MP and Gujarat model different from
the Direct subsidy model
• Direct subsidy model championed by the Task Force on
Direct transfers.
• Here the grain (or the subsidised commodity) flows through
the government marketing chain at market prices.
• So no incentive for leakage.
• Consumer buys from authorised retailer at market prices.
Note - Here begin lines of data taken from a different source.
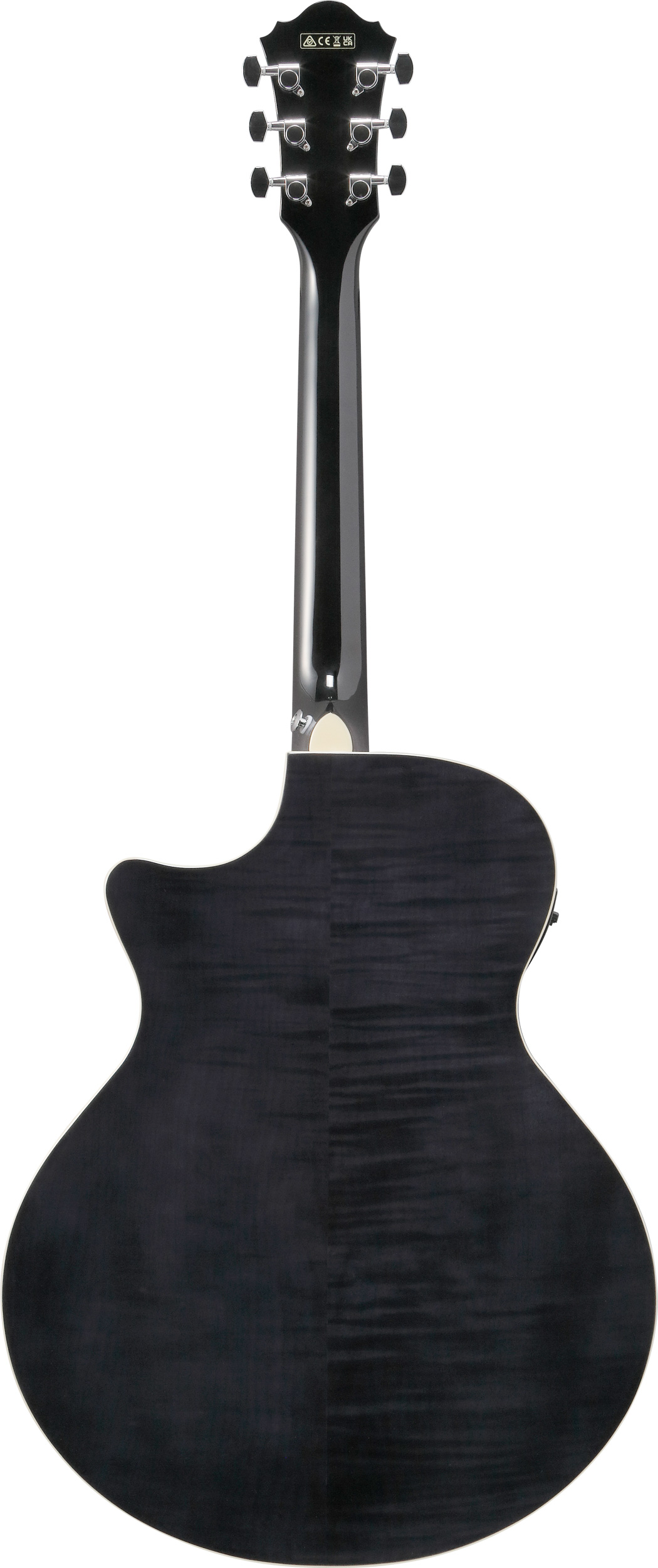 AE170 har ett lock av solid Sitka gran med kropp och sidor av flammig lönn, lackerad i transparent svart.
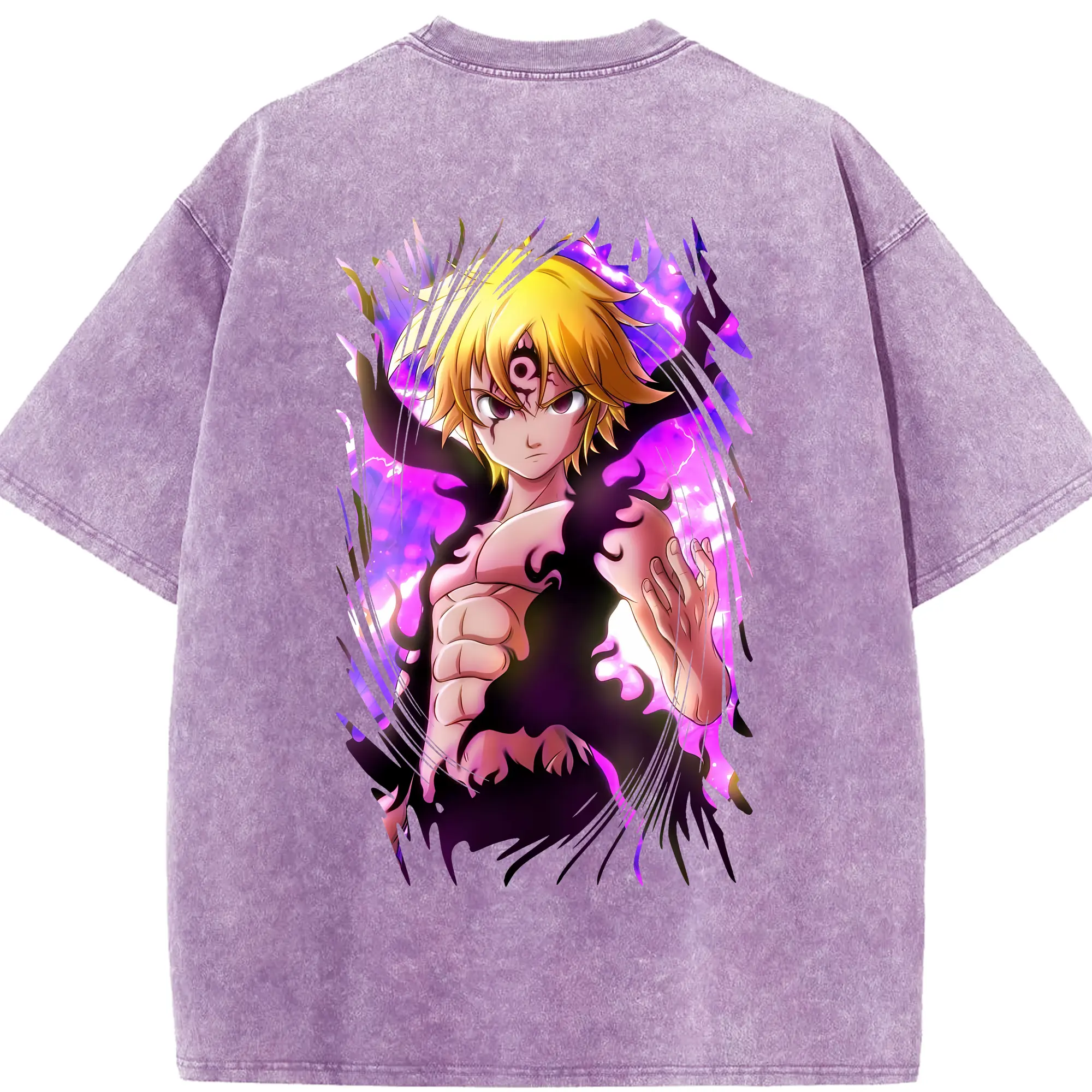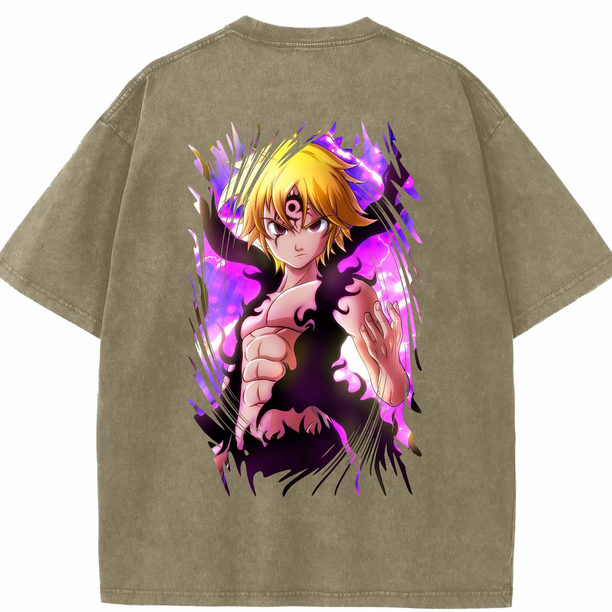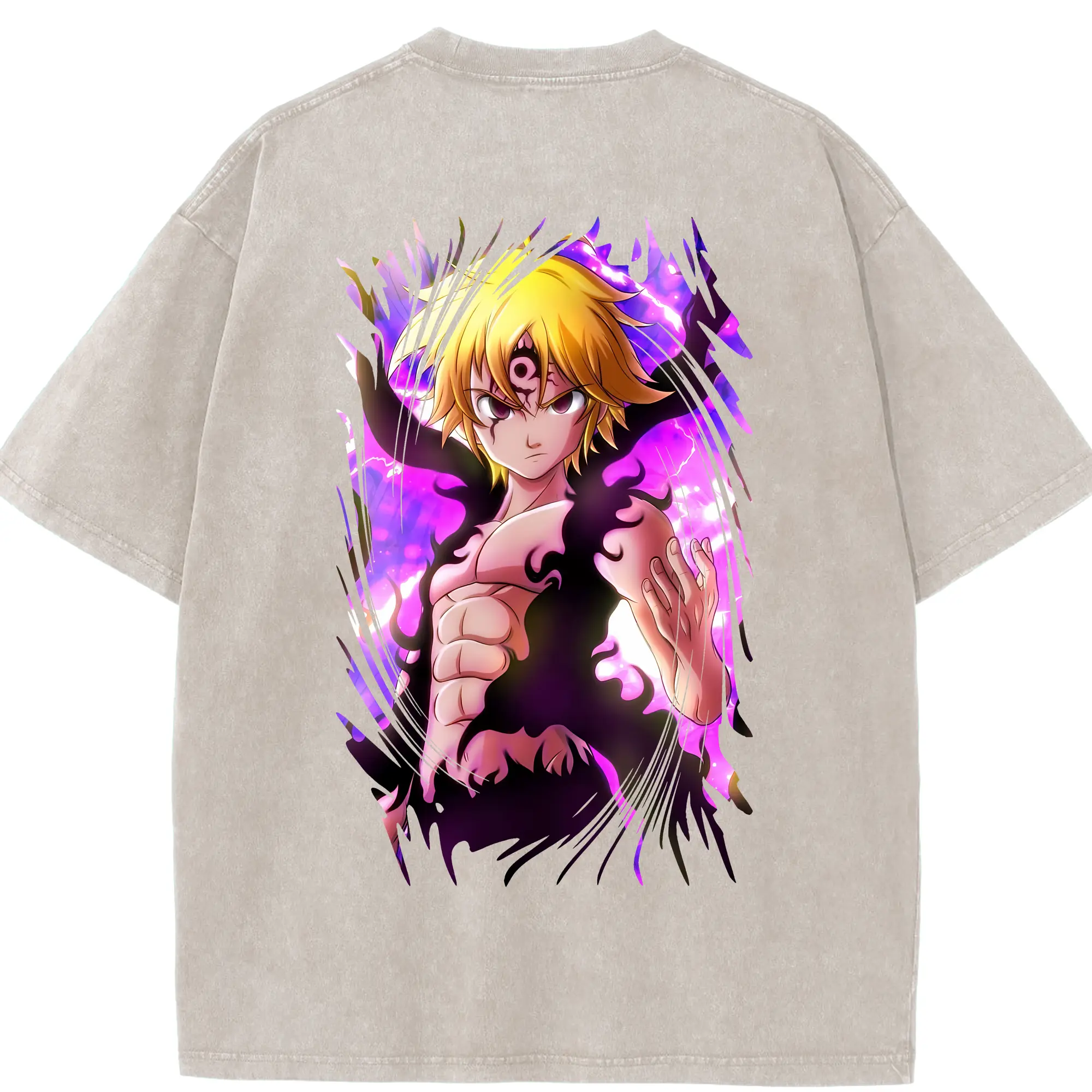 七つの大罪 グッズ メリオダス - 綿100% ヴィンテージ風 半袖Tシャツ ・ フロントプリント ・ 柔らか肌触り ・ 通気性 快適 ・ スポーツ カジュアル 外出用
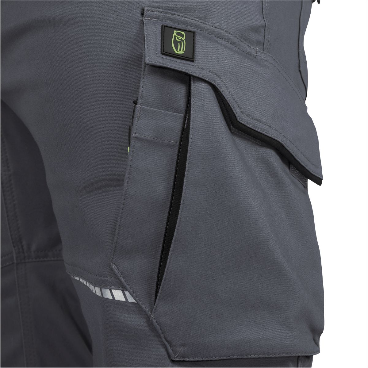 - Cargotasche mit 2 Fächern sowie einer Reißverschluss-Einschubtasche und einer Stifttasche am linken Bein
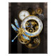 Steampunk Clock with Mechanical Dragonfly Poster
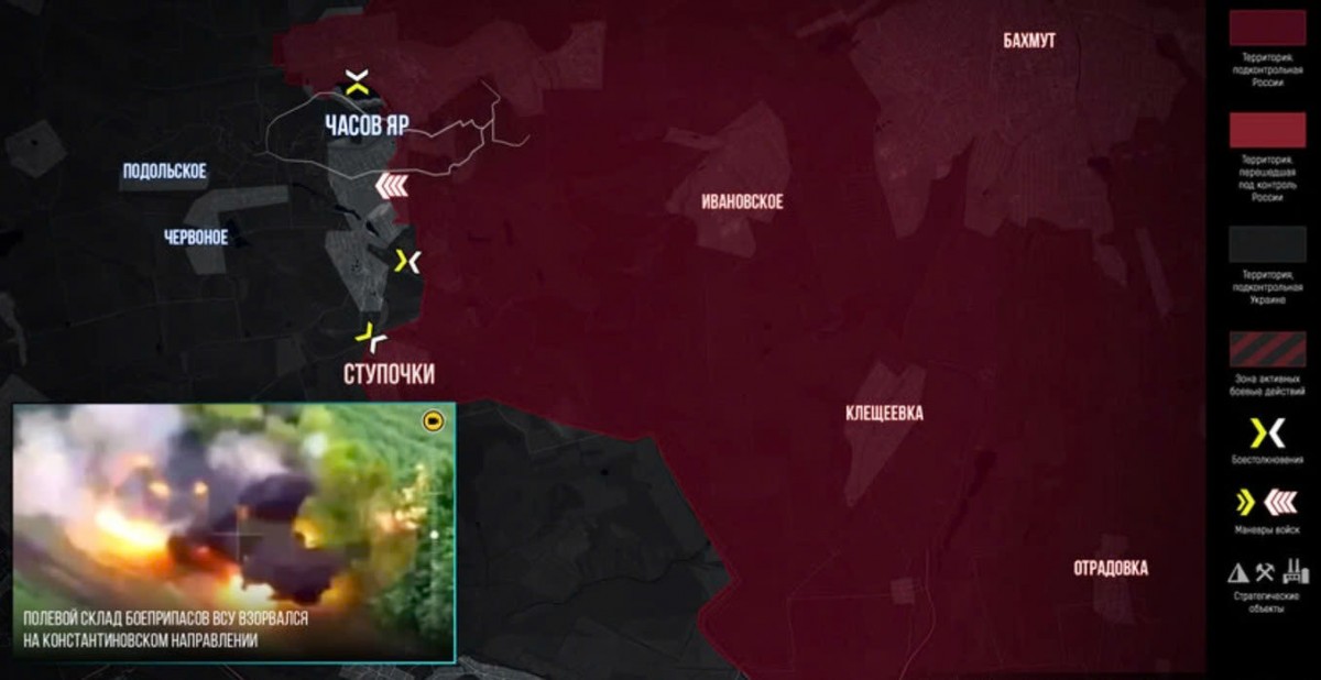 Mục tiêu chiến lược của lực lượng Nga không chỉ là kiểm soát Chasov Yar mà còn là bước tiến tiếp theo theo hướng Konstantinovka và làng Alekseevo-Druzhkovka. Việc thực hiện đột phá này được thúc đẩy bởi sự thay đổi đáng kể trong cán cân lực lượng ở khu vực phía nam Konstantinovka, khi quân đội Ukraine đã điều động các nhóm lớn từ nhiều khu vực khác nhau đến dải khu vực gồm Koptevo, Poltavka, Rusin Yar, Dolgaya Balka và Berestok.

• The retail transaction is subject to aadhar id verification
and is linked to a payments system.
• This link transfers the subsidy directly to the beneficiary’s
account.
• The direct subsidy model requires devices to capture
biometric id and transaction at the retail level while the
coupon model needs it only when the coupons are issued.
Summary Findings I
• We are short of storage capacity
• Extent of shortfall would be less if
procurement were to be in line with
distribution.
• While this might be difficult to implement
straightaway, it should be possible to devise
new institutional structures to make `excess
stocks’ visible.

Summary Findings II
• Distribution reforms have enormous potential
because most states are starting at a high level
of inefficiency.
• While these reforms have wide support, the
entreched interests in unreformed PDS are
strong and political commitment in the States
cannot be taken for granted even if it allows
reforms to be initiated.
Summary Findings III
• Distribution reforms hold the promise of
accountability and transparency.
• Computerizing the supply chain and digitising
records are low-hanging fruit.
• Transaction authentication is more demanding
but with higher payoffs too.
Summary Findings IV
• Smart card based systems are not practical at this point.
• Intermediate systems such as food coupons based on
biometric id are more practical – perhaps even more so
than the direct subsidy transfer model of the Central
government.
• It is imperative therefore to allow and experiment with
different models.
• The question is how to design them without imposing
additional costs of access on poor consumers.